Facebook won't be forced to divest Instagram and WhatsApp, at least for now.
What you need to know
- A U.S. district judge dismissed two major antitrust cases against Facebook.
- The court found that the plaintiff did not provide substantial evidence against the social media giant.
- The lawsuits challenged Facebook's market leadership and ownership of both Instagram and WhatsApp.
A U.S. district judge dropped two antitrust lawsuits against Facebook on Monday, saying that the complaint "is legally insufficient and must therefore be dismissed."
The lawsuits against Facebook were filed late last year by the FTC and a coalition of state attorneys, declaring that Facebook participated in anticompetitive and monopolistic behavior by purchasing WhatsApp and Instagram. The complaint stated that Facebook saw the apps as "two significant competitive threats to its dominant position," after which it "moved to squelch those threats by buying the companies."
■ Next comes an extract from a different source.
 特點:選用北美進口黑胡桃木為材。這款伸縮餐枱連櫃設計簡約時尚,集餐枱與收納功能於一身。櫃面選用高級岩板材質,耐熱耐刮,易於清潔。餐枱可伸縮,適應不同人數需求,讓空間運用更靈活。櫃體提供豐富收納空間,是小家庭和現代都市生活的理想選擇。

The lawsuit alludes to a 2008 email from founder and CEO Mark Zuckerberg in which he allegedly states that "it is better to buy than compete."
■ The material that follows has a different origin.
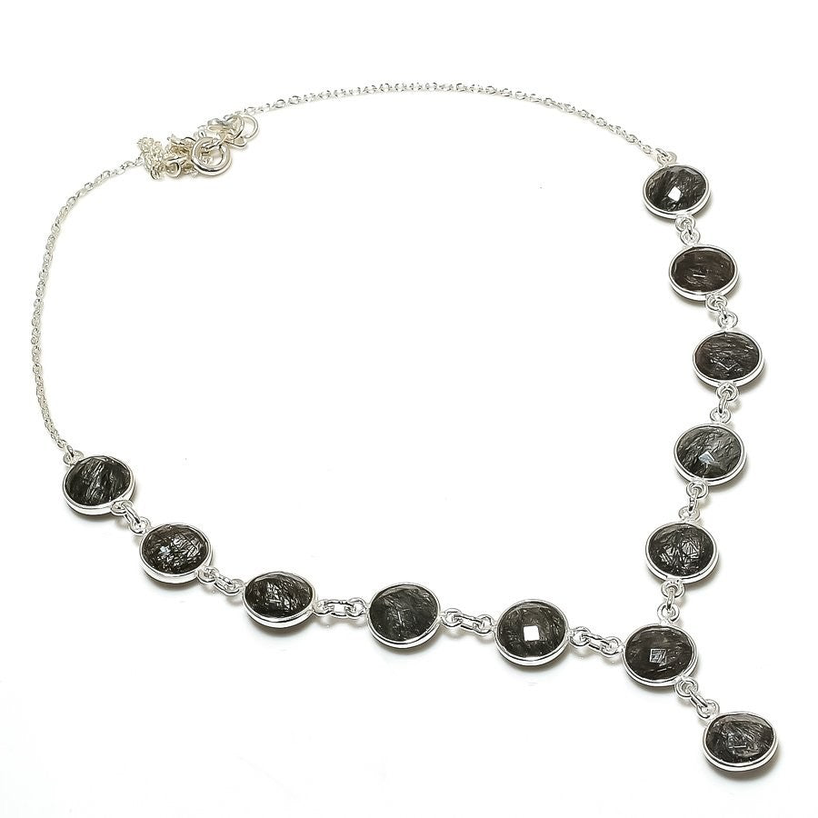 Elegant Black Rutile Stone Solid Sterling Silver Chain in 92

In the document, D.C. District Judge James Boasberg notes that the platform provides a free service for consumers and that the FTC complaint failed to clearly address Facebook's market dominance.
In this unusual context, the FTC's inability to offer any indication of the metric(s) or method(s) it used to calculate Facebook's market share renders its vague "60%-plus" assertion too speculative and conclusory to go forward.
He also states that "there is nothing unlawful about" Facebook's refusal to offer interoperability solutions for competing apps to work better with the platform. Additionally, "such revocations of access occurred in 2013, seven years before this suit was filed," essentially making it a moot point.
However, the judge dismisses Facebook's argument that the FTC could not put its acquisition of both Instagram and WhatsApp into question. The lawsuit could have potentially forced Facebook to divest both services and require regulatory approval for future purchases by Facebook.
Despite the scrutiny of these acquisitions, the court highlights the unusually long review process that the FTC conducted when Facebook sought to purchase Instagram. The document notes that the conditions of the acquisition "satisfied the agency's concerns, and in August (over four months after the merger was announced), the Commission voted 5–0 to allow it to proceed without any challenge or conditions."